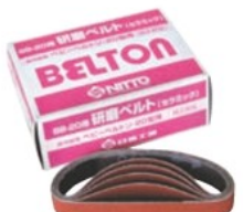
Abrasive Belt (ceramic)
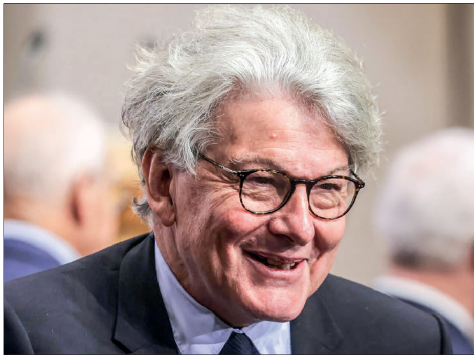
Thierry Breton continues to tussle publicly with tech billionaire Elon Musk over EU regulations.

Former EU tech enforcer Thierry Breton joins Bank of America's advisory council, facing criticism for allegedly violating a lobbying ban.
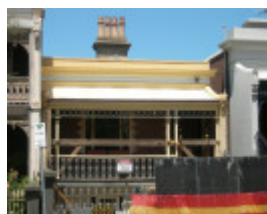
BUILDING SOHE 2008
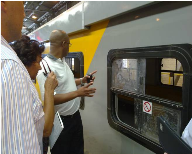
Composite windows replaced
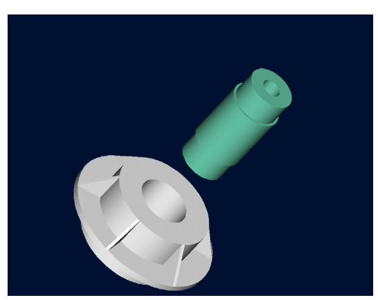
Figure 2 Trunnion slided through the hub after contracting

For this new bridge, he needs to fit a hollow trunnion of outside diameter 12.363" in a hub of inner diameter 12.358". His plan is to put the trunnion in dry ice/alcohol mixture (temperature of the fluid - dry ice/alcohol mixture is -108^{\circ}F ) to contract the trunnion so that it can be slided through the hole of the hub. To slide the trunnion without sticking, he has also specified a diametrical clearance of at least 0.01" between the trunnion and the hub. Assuming the room temperature is 80^{\circ}F , is immersing it in dry-ice/alcohol mixture a correct decision? What temperature does he need to cool the trunnion to so that he gets the desired contraction?
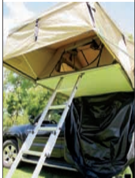
With the tent raised the retractable aluminum ladder sits under cover from the elements, allowing you to pull off wet gear before climbing in to the tent. A ladder extension kit is available for lifted vehicles.
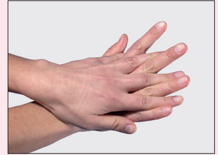
3. Palm on back of the other hand with spread and interlocked fingers
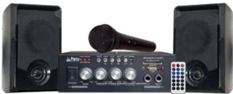
Karaoke system (available on request, not always onboard)
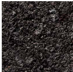
v2 SVART RR 03 ST - STA
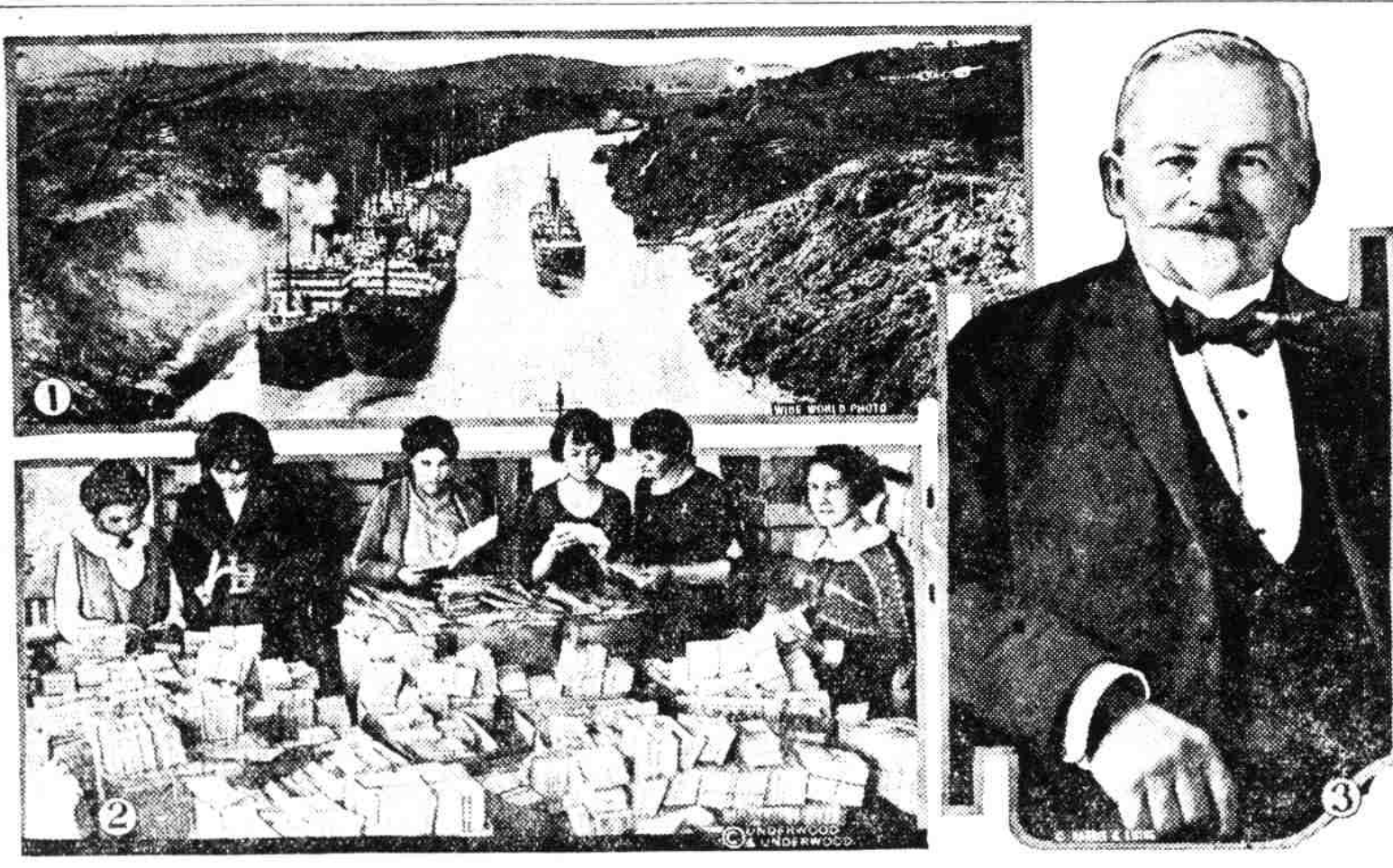
1-Southbound steamers in Pannan canal acid up by sline in Conflard cut while northbound vessels are proceeding. 2 Department of Agriculture sierks making an estimate of the country's pig population from reports from the farmers. 3-New photograph of Emil Cone, noted expenent of cure by nuto-suggestion, w.o. will return to America in January.
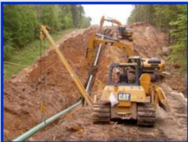
Compulsory Purchase, Land Acquisition and Compensation Matters
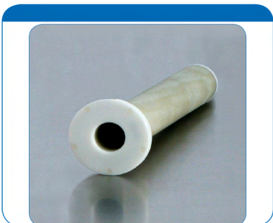
minispec Probe-in-Probe: Unique design to enable measurements on low-weight samples.
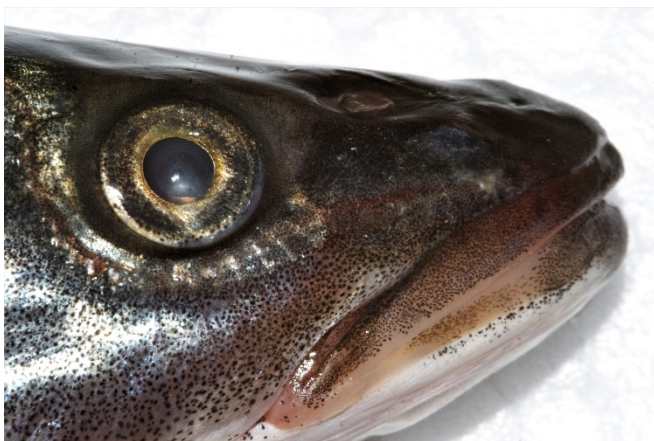
Sacramento Pikeminnow ( Ptychocheilus grandis ).

Fish tissue samples were analyzed for 13 polybrominated diphenyl ethers (PBDEs) and 13 perfluorinated alkyl substances (PFASs), including perfluorooctanesulfonic acid (PFOS). Seven of 13 PBDE congeners analyzed were detected in fish tissue. PBDE 47, a ubiquitous tetrabrominated congener, was detected in all 13 samples. PFOS was also detected in all 13 samples. Three additional PFASs were detected: perfluorodecanoate (in 7 samples), and perfluoroundecanoate and perfluorododecanoate (both in 4 samples).
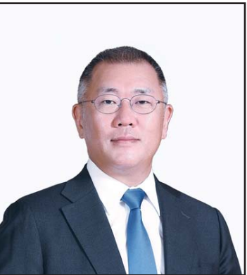
Euisun Chung, Executive Chair of Hyundai Motor Group

SEOUL, Sept 18: Hyundai Motor Group (the Group) has announced a USD 1.1 million contribution to aid Morocco and Libya in their recovery efforts following severe earthquakes and floods. The donations come from the four affiliates of Hyundai Motor Group (Hyundai Motor Company, Kia, Hyundai Engineering & Construction, and Hyundai Engineering). These funds – USD 500,000 for Morocco and USD 600,000 for Libya – will be channeled to the International Federation of Red Cross and Red Crescent Societies (IFRC) through the Korean Red Cross. In addition to the financial contribution, Hyundai Motor Company Middle East and Africa Headquarters, in cooperation with its Moroccan distributor, Kia Middle East and Africa FZE will also donate ambulance vehicles to the Moroccan government and offer support vehicles for local NGOs.

■ **Work instructions**
Copy each line of the data above that holds "America".

■ **Completed exercise**
Former EU tech enforcer Thierry Breton joins Bank of America's advisory council, facing criticism for allegedly violating a lobbying ban.
1-Southbound steamers in Pannan canal acid up by sline in Conflard cut while northbound vessels are proceeding. 2 Department of Agriculture sierks making an estimate of the country's pig population from reports from the farmers. 3-New photograph of Emil Cone, noted expenent of cure by nuto-suggestion, w.o. will return to America in January.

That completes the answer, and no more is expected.